No caso dos professores de medicina, não se pode esquecer que há ainda o agravante da grande valorização atualmente dada à profissão pela sociedade. Queluz & Alonso (2003, p. 10-11), ao se referirem aos problemas enfrentados por todas as profissões na sociedade contemporânea, fazem um comentário que cai como uma luva para os médicos:

O valor dado ao individual, à exaltação do personalismo, o excessivo valor atribuído aos bens materiais e a convicção de que é preciso ser o melhor, vencer a competição, estar à frente dos outros, serem bem-sucedidos na vida a qualquer preço, torna difícil para os profissionais terem uma visão social do seu trabalho.

Essa visão social é de fundamental importância às atividades de todos que atuam na área da saúde.

As pressões para que aconteçam as mudanças necessárias na formação médica enfrentam resistências muito grandes nas escolas, principalmente por uma parte significativa dos atores mais importantes, os professores. Muitos resistem a se distanciar do ideal de prática que cultivam, especialistas com inserção em hospitais de alto nível e com consultório privado, podendo se utilizar de equipamentos e tecnologias sofisticadas para fazer seus diagnósticos.

Os valores dos médicos mudaram. Valorizam-se, hoje, a especialização, a precisão diagnóstica, a impessoabilidade nas relações, a recusa à vida de sacrifícios, a comercialização do trabalho médico, partes de um novo tempo e de um novo lugar social da profissão.

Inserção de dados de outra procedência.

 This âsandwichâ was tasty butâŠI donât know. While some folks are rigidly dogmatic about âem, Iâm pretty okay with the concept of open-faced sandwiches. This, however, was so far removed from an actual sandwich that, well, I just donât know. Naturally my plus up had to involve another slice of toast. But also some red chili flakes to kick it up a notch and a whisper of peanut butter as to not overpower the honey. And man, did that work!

2.11. Ênfase na qualificação docente: recomendação da CINAEM

CINAEM indica que os alunos ingressam na escola com a visão do senso comum do que é ser médico. As relações de poder durante o curso de graduação moldam uma postura passiva e reprodutiva por parte dos alunos (CINAEM, 1998, p. 61) e os docentes reproduzem no espaço da escola médica o seu modo de atuação no mercado, centralizando o poder de decisão no âmbito das atividades acadêmicas.

Por outro lado, a necessidade de profissionalização e de um maior comprometimento com a docência por parte dos professores de medicina ficou clara no estudo realizado pela CINAEM (1998, p. 40) que considerou o docente como um dos elementos centrais para o êxito das reformas necessárias à educação médica:

Quaisquer modificações desejadas no currículo e no processo de aprendizado precisarão estar alicerçadas em um corpo docente com sólido embasamento conceitual, metodológico e técnico sobre as inovações introduzidas na educação médica e com forte motivação para apoiar as mudanças necessárias. Por esta razão, um dos focos que deverá ser desenvolvido na Terceira Fase do Projeto CINAEM será dirigido especialmente aos docentes das escolas de medicina, sob a denominação docência médica profissionalizada.

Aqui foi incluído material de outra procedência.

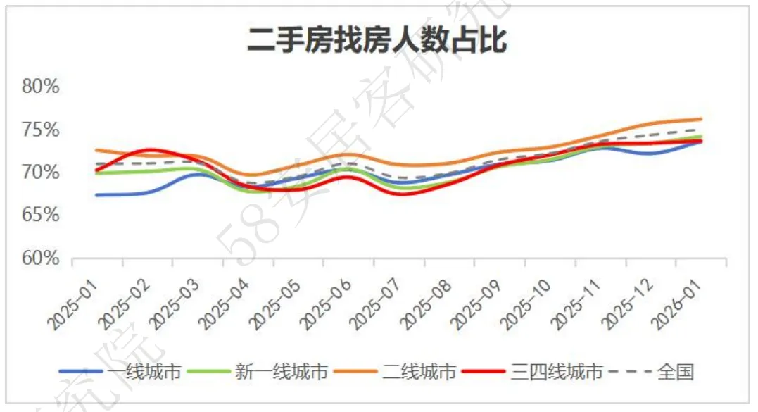 ¡二手房找房占比:2026年1月,全国二手房找房人数占比连续7个月回升,当前突破75%,各能级城市延续回升态势,二线领跑,一线增长显著。

A capacitação de núcleos pedagógicos nas escolas objetivaria “a difusão dos métodos pedagógicos, o apoio a projetos inovadores em educação médica, o estímulo à formação senso estrito de alto nível e a discussão de propostas e experiências de incentivo à profissionalização da docência médica”.

As fases subseqüentes da CINAEM foram para a avaliação continuada dos resultados advindos das diferentes escolas, a partir de todo trabalho feito nas faculdades de medicina do país.

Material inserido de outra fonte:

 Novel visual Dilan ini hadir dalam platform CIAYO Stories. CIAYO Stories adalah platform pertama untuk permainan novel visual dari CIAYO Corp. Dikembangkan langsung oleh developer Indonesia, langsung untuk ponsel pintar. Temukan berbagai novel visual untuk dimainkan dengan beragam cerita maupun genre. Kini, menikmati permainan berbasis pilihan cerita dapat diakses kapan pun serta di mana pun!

O XLIII Congresso Brasileiro de Educação Médica foi realizado em outubro de 2005, em Natal, Rio Grande do Norte. Estiveram lá representadas a maioria das escolas de Medicina do Brasil. Uma docente da IES, lócus de realização desta pesquisa, esteve presente para relatar suas experiências e trazer subsídios que facilitem as mudanças.

Por serem os principais sujeitos deste trabalho, maiores considerações sobre os professores de medicina acompanharão as discussões dos resultados.